When I was in high school, I tried to write my own fantasy
series. It was a cliched, incoherent hodgepodge of every piece of media that I
was consuming at the time, and aside from a sketchbook full of character drawings,
world maps and a list of made up fantasy names, all evidence of that little
embarrassing chapter of my life have thankfully been lost to the sands of time. A big reason it was so bad was because I spent so much time on worldbuilding
and fine-tuning superfluous details that I neglected to develop any of the
important things like plot or characters. So, I did what every junior hack
does: rip pages from the Joseph Campbell playbook until I just ended up with a
reskinned Star Wars. I bring this up
because Mortal Engines feels like the
end result of what my story would’ve looked like if it somehow got made into a
movie.
After a cataclysmic event called the 60-Minute War turned the
world into an environmentally devastated wasteland, the remnants of humanity
gather in these large “traction cities” that roam the land on wheels.

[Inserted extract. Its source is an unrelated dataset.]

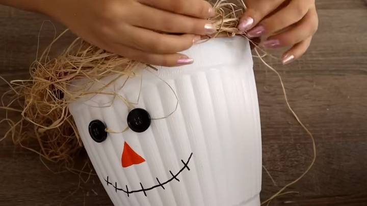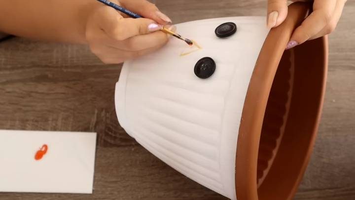 Третий горшок покрасьте, приклейте пуговицы-глаза. Нарисуйте нос и рот пугалу.

The most
feared of them all is London, a gigantic mechanical behemoth that bulldozes
everything in its path and sustains itself by consuming smaller cities. A scar-faced young woman named Hester
Shaw (Hera Hilmar) infiltrates the
city, tries to murder its leader, Thaddeus Valentine (Hugo Weaving). When a young historian named Tom Natsworthy (Robert
Sheehan) witnesses the assassination attempt, he tries to catch her but she makes
her escape down an exhaust chute. Valentine finds out that Tom overheard that
he murdered Hester’s mother, so he pushes Tom down the chute as well. Now Tom
and Hester must work together to survive in the wasteland, discover the truth
behind Valentine’s plans for London, join a resistance group and are you seeing
a pattern here?
Okay, so maybe comparing Mortal
Engines to the glorified fanfic I wrote when I was a teenager is a bit harsh.
For one, this is already based on the first in a popular YA novel series by
Phillip Reeve. I haven’t read the books myself, but this has all the hallmarks
of a sprawling narrative that was so condensed that crucial details got lost in
adaptation. Incidentally, the team behind this is also the team behind the Lord of the Rings trilogy, including
Peter Jackson as producer. His directing chops are something that a film of
this scale could’ve greatly benefitted from. Instead, the reins have been
handed to special effects artist Christian Rivers, and it really shows. The
movie’s greatest strength is its sense of scale. There’s not much explanation
given as to why humanity decided that moving cities was the solution to
surviving in the wasteland, but they take this bonkers premise and roll with
it. In fact, the first thirty minutes show a ton of promise with a chase scene
where London runs down a smaller settlement that transforms and breaks off into
smaller segments, or a tour through a museum full of salvaged tech like
toasters and iPhones are treated like priceless artifacts.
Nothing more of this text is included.